Qui classera Paul Otlet?

Paul OTLET, Le Livre sur le livre. Traité de doc­u­men­ta­tion, fac-sim­ilé de l’édition orig­i­nale de 1934, pré­faces de Benoît Peeters, Sylvie-Fayet Scribe et Alex Wright, Brux­elles, Impres­sions nou­velles, 2015, 38 €.

Les Impres­sions nou­velles ressor­tent régulière­ment Paul Otlet (1868–1944) du cab­i­net de tra­vail encom­bré de fich­es, de livres et de jour­naux en tous gen­res, où l’on souhaite qu’il ait été, après sa mort, assigné pour l’éternité. Ce « bib­lio­phil­an­thrope » belge n’aura pas seule­ment servi de mod­èle à la mas­sive fig­ure de l’Archiviste dans les Cités obscures de Schuiten et Peeters. Il a aus­si inspiré à Françoise Levie une riche biogra­phie (2006), puis sus­cité deux recueils col­lec­tifs d’études appro­fondies (2008 et 2010). Et voici que reparaît en un somptueux vol­ume fac-sim­ilé le mythique Traité de doc­u­men­ta­tion couron­né de son titre métadis­cur­sif Le Livre sur le livre, ini­tiale­ment paru en 1934.
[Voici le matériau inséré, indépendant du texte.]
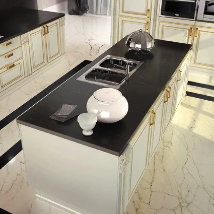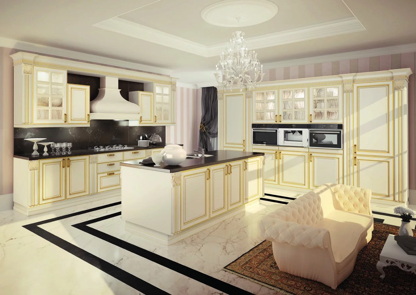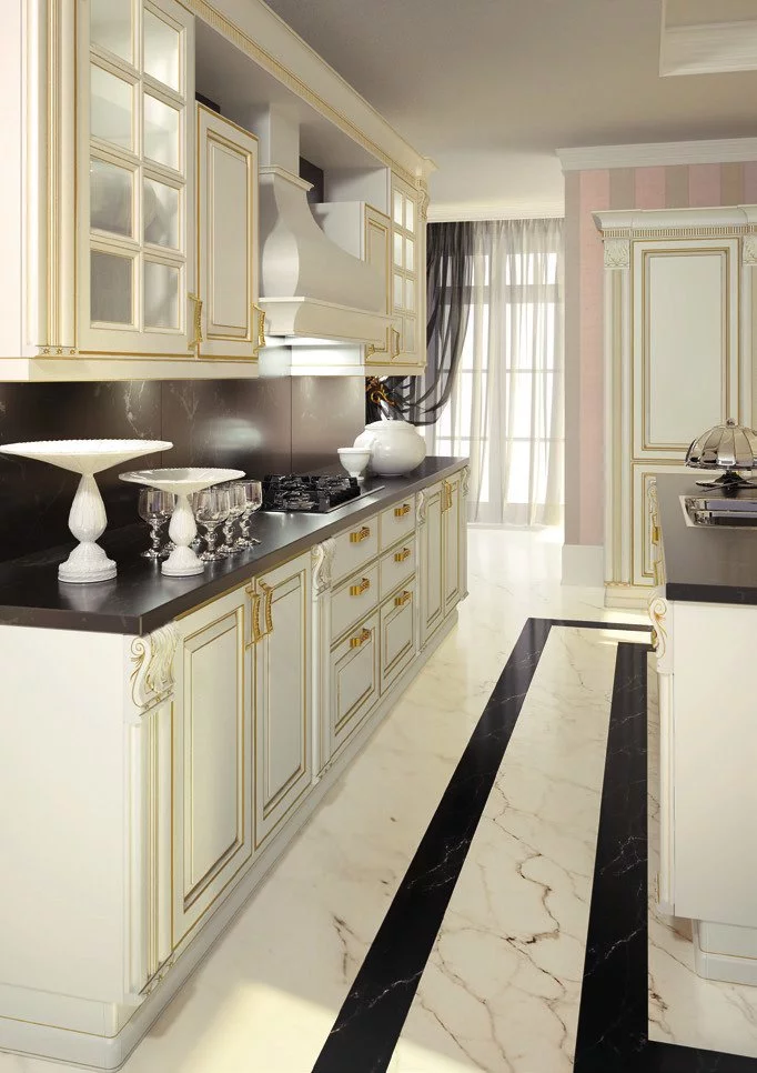 Одной из торжественных и праздничных моделей из линейки Michelangelo итальянской фабрики Oikos можно назвать кухню в оттенке «слоновая кость», которая контрастирует с тёмным цветом рабочей области. Это изделие отличается богатым декорированием золотой фольгой передних фасадов, а также фриза и пилястр. Кроме этого, используемая фурнитура также выполнена в золотом цветовом решении.

Le mys­tère Otlet réside prin­ci­pale­ment dans le fait qu’un tel per­son­nage sem­ble davan­tage relever de la fic­tion – et de l’utopie – que du réel ; en cela, il vécut bien en par­al­lèle les deux vies que lui prête Peeters dans sa pré­face. On croirait ce bour­geois bin­oclard à bar­bi­che sur­gi de la fameuse parabole de Borges, Le Con­grès, où est exposée l’idée démesurée – et décep­tive – d’un auto­di­dacte désireux de « créer une organ­i­sa­tion rassem­blant la planète entière ». Otlet a lui aus­si, dès sa plus ten­dre enfance, nour­ri l’inextinguible volon­té de rassem­bler : les livres avant tout, puis chaque trace, sous n’importe quelle forme, de Savoir, dans le but supérieur d’aboutir à la Fra­ter­nité, à la Con­corde uni­verselle.
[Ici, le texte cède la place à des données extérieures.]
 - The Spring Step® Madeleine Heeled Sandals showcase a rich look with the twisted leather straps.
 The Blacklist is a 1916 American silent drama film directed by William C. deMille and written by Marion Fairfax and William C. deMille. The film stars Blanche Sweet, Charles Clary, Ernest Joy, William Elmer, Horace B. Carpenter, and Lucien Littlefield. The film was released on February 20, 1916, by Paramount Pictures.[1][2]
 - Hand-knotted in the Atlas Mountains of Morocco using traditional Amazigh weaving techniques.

Ini­ti­a­teur du Réper­toire Bib­li­ographique Uni­versel, Otlet s’inscrira d’abord dans la tra­di­tion du classe­ment de Dewey pour pro­pos­er ensuite son pro­pre sys­tème d’agencement des références, en branch­es, sous-branch­es et branchettes des plus détail­lées. Au-delà du fichage forcené du moin­dre doc­u­ment pub­lié sur le globe et de l’établissement de la ver­tig­ineuse « Pyra­mide des Bib­li­ogra­phies » (à vis­iter page 290) se dessi­nent les plans, en per­pétuelle expan­sion, de la créa­tion d’un Musée Inter­na­tion­al, d’un Cen­tre Mon­di­al, enfin d’une Cité qui tiendrait le triple rôle de récep­ta­cle de la Civil­i­sa­tion, de car­refour des Sci­ences et de moyeu d’où ray­on­nerait la Paix. Une ambi­tion qui se ver­ra accélérée par la nou­velle de la mort de son fils sur le front de l’Yser en 1914, tragédie après laque­lle Otlet pro­mou­vra avec acharne­ment un human­isme qui ne lui attir­era d’ailleurs pas que des sym­pa­thies. L’Histoire déci­da qu’il incomberait à la SDN, soutenue par le Prési­dent Wil­son, plutôt qu’au Mun­da­neum de recon­stru­ire une Europe en ruines.

Paul Otlet

Les tonnes d’ouvrages, de revues, d’affiches, voire de bric-à-brac hétéro­clite que recueil­lirent Otlet et con­sorts – soit son ami le social­iste et prix Nobel de la paix 1913 Hen­ri Lafontaine et ses fidèles col­lab­o­ra­teurs – con­stitueront indu­bitable­ment la mémoire matérielle la plus éton­nante… et la plus mal­menée du XXe siè­cle. Cette bib­lio­thèque hors-norme, rehaussée d’un inven­taire comp­tant des mil­lions de bris­tols, fut reléguée aux oubli­ettes. Son con­tenu s’effritant et se frag­ilisant au fil de démé­nage­ments suc­ces­sifs, l’encombrant Palais mon­di­al d’Otlet, un moment hébergé dans l’un des pavil­lons du Cinquan­te­naire, se mua en un fouil­lis de références jugées obsolètes et super­fé­ta­toires. Le pro­jet grandiose d’Otlet fut donc asphyx­ié par le peu de lat­i­tude spa­tiale qui lui fut accordé par l’État. Cette pré­car­ité, qu’aggrava l’affligeante indif­férence des autorités poli­tiques, fut la cause de son échec. Dans le sil­lage de ses démé­nage­ments suc­ces­sifs, imposés par le gou­verne­ment belge lui-même ou, pen­dant la guerre, par les autorités occu­pantes, le « Juif errant » de papi­er, per­dra irrémé­di­a­ble­ment quan­tité de pièces pré­cieuses. Il fau­dra atten­dre l’an 1998 avant qu’il récupère de son allure, avec la créa­tion à Mons du Mun­da­neum.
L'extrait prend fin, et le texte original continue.